The configuration strategy described above creates a chicken-and-egg problem, as we need to be able to log issues that arise before the logger itself has been configured. We do this with the MultiFlushMemoryHandler log handler, which acts as a temporary cache: all logging events prior to configuration are captured by this handler. Once the “real” handlers have been configured by case_log_config(), the contents of this handler are copied (“flushed”) to each of them in turn. This handler is set up in the top-level script, which also calls configure_console_loggers() to set up conventional stdout/stderr logging destinations.

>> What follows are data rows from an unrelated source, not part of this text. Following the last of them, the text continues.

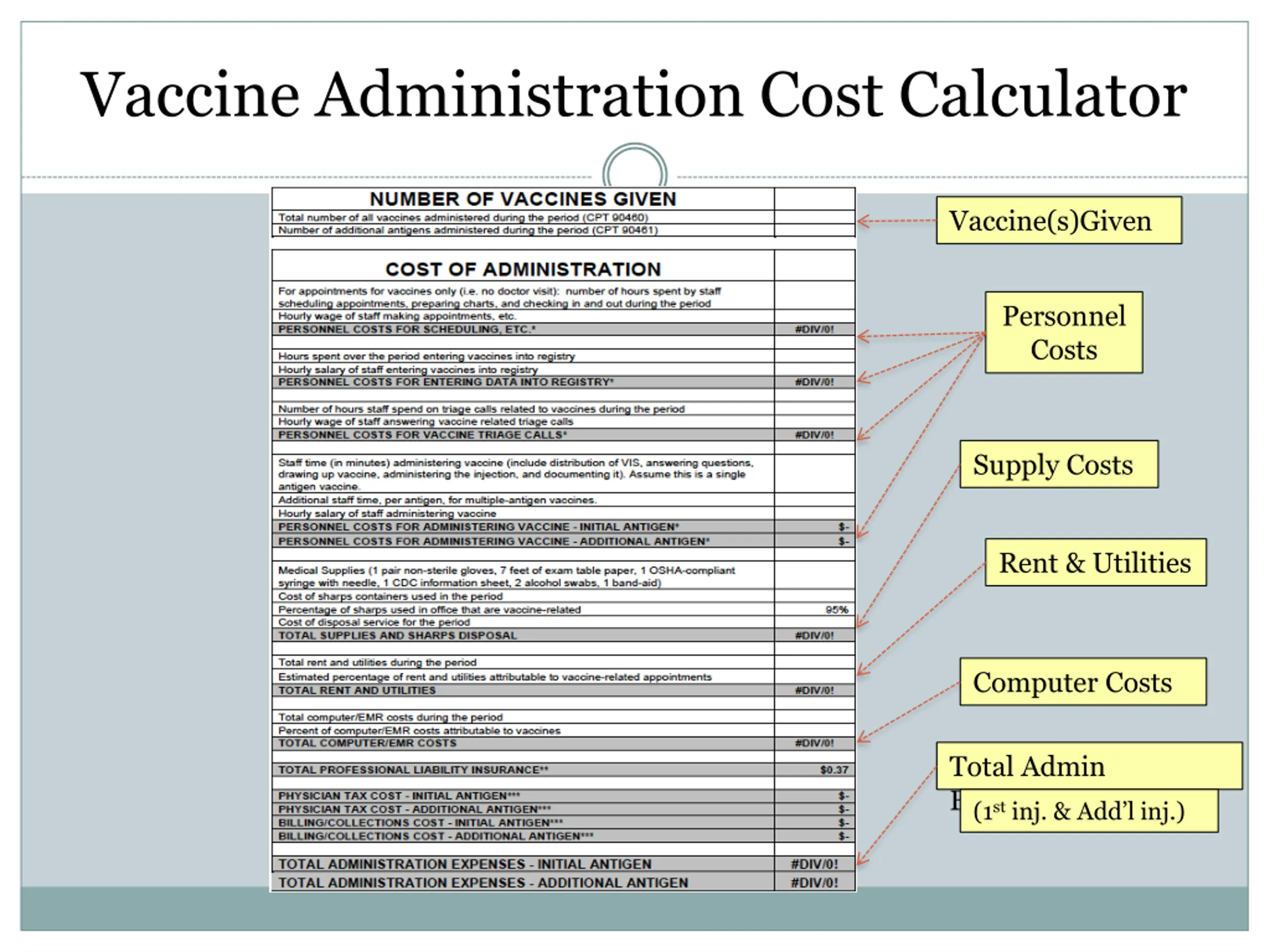 Vaccine Administration Cost Calculator Vaccine(s)Given Personnel Costs Supply Costs Rent & Utilities Computer Costs Total Admin Expenses (1st inj. & Add l inj.)
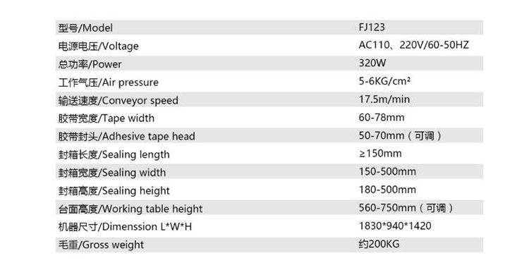 FJ123全自動(dòng)上左右驅(qū)動(dòng)封箱機(jī) 全自動(dòng)膠帶封箱機(jī) 紙箱封箱機(jī) 產(chǎn)品參數(shù)圖
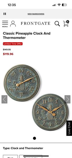 16” Diameter Classic Pineapple Clock and Thermometer Set, Cast Aluminum. Brand new OEM hands and mechanisms installed in both units on 4/14/24. $30Chula Vista, CA
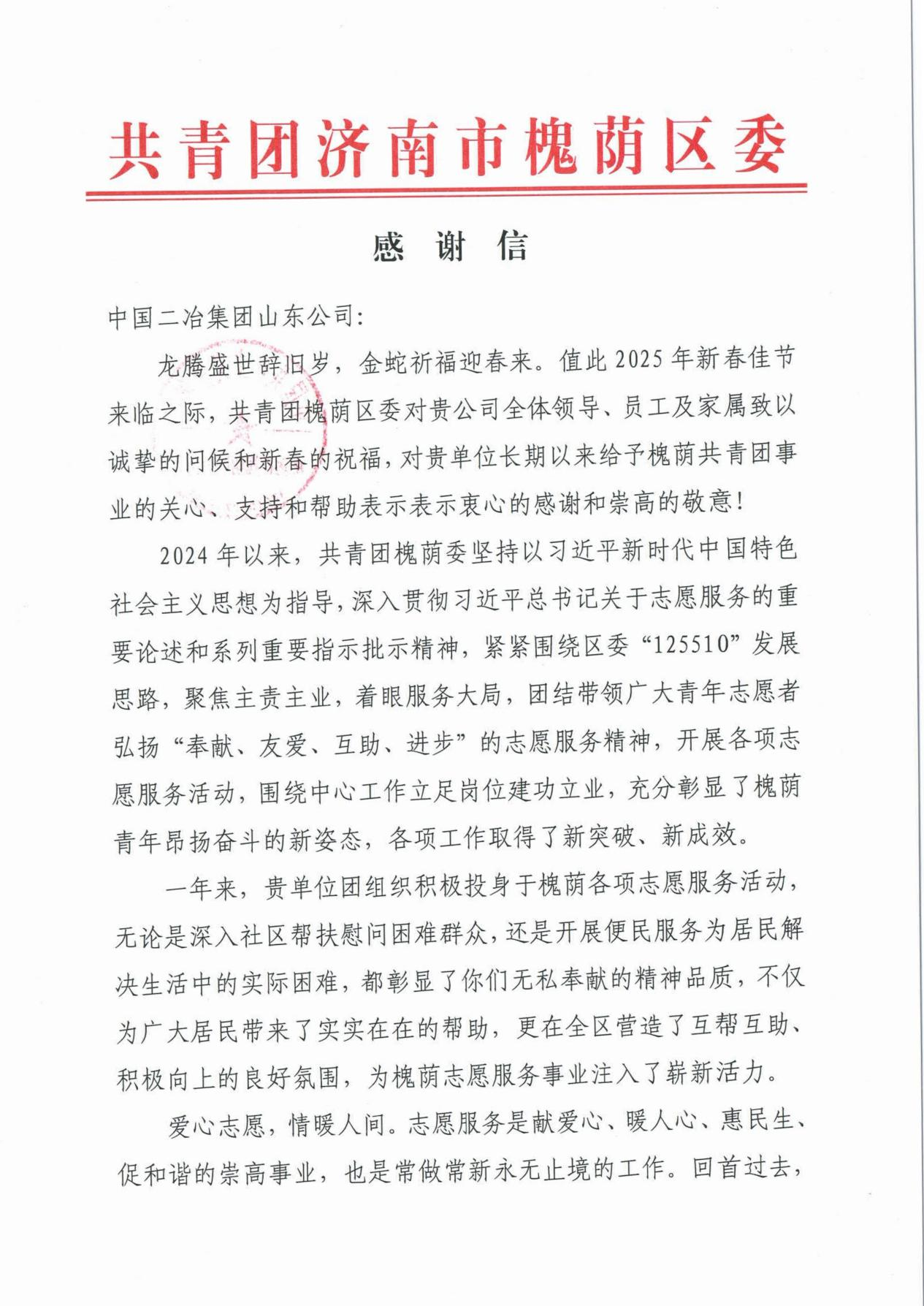 共青團(tuán)濟(jì)南市槐蔭區(qū)委在信中寫道,山東公司團(tuán)委積極投身于槐蔭各項(xiàng)志愿服務(wù)活動(dòng),無論是深入社區(qū)幫扶慰問困難群眾,還是開展便民服務(wù)為居民解決生活中的實(shí)際困難,彰顯了無私奉獻(xiàn)的精神品質(zhì),為廣大居民帶來了實(shí)實(shí)在在的幫助,更在槐蔭區(qū)營(yíng)造了互幫互助、積極向上的良好氛圍,為槐蔭志愿服務(wù)事業(yè)注入了嶄新活力。
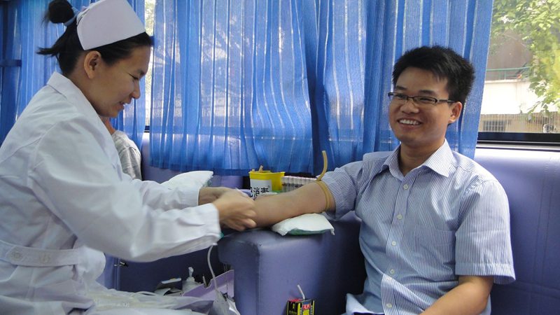 随后,农学院学生第三党支部刘洋同志在现场随机采访了献血者。其中包括学工办刘勇勤老师。他告诉我们,这是他第一次参与无偿献血,但并不紧张和担心,只要严格按照规范程序进行献血不仅对身体无害,同时也是一种回馈社会的行为。接下来,2012级作物栽培与耕作学博士何美丹同学接受了我们的采访,我们了解到,何美丹同学系B型RH阴性血,此类血型为稀有血型,民间俗称“熊猫血”,临床用血资源十分宝贵,她从2005年9月至2012年5月期间献血11次,献血总量达4150ml。她表示,作为当代青年,愿意尽自己的微薄之力为社会做出了自己的贡献,她为此感到愉悦和满足。刘勇勤老师和何美丹同学让我们深深感受到了他们高尚的品格和高度的责任意识,他们的奉献精神值得我们每一个人学习。
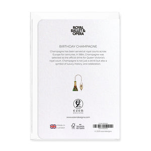 Text on the reverse: Champagne has been served at royal courts across Europe for centuries. In 1884, Champagne was selected as the official drink for Queen Victoria’s royal court. Champagne is not just a drink but also a symbol of luxury, history, and celebration.
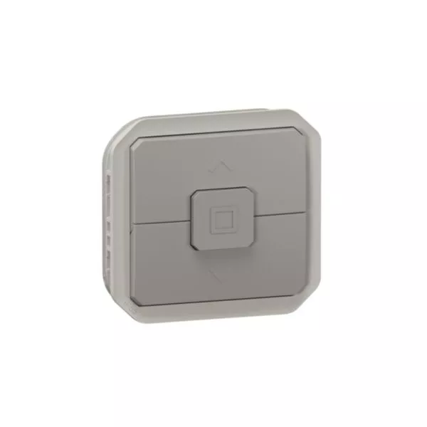 Poussoir étanche pour commande par automatisme de moteur de volets roulants Plexo IP55 IK06 avec enjoliveur gris

Most of the rest of the code in this module deals with formatting and presentation of logs, e.g. MDTFHeaderFileHandler which writes a header with useful debugging information (such as the git commit hash) to the log file.

src.util.processes

Functionality that involves external subprocesses spawned by the framework. This is the mechanism by which the framework calls all external executables, e.g. tar. We implement two main functions which take the same arguments: run_shell_command(), for running commands in a shell environment (e.g. permitting the use of environment variables), and run_command(), for spawning a subprocess with the executable directly, without the overhead of starting up a shell. Both of these are effectively convenience wrappers around the python standard library’s subprocess.Popen.

Note that, due to implementation reasons, SubprocessRuntimeManager doesn’t call run_shell_command() but instead implements its own wrapper.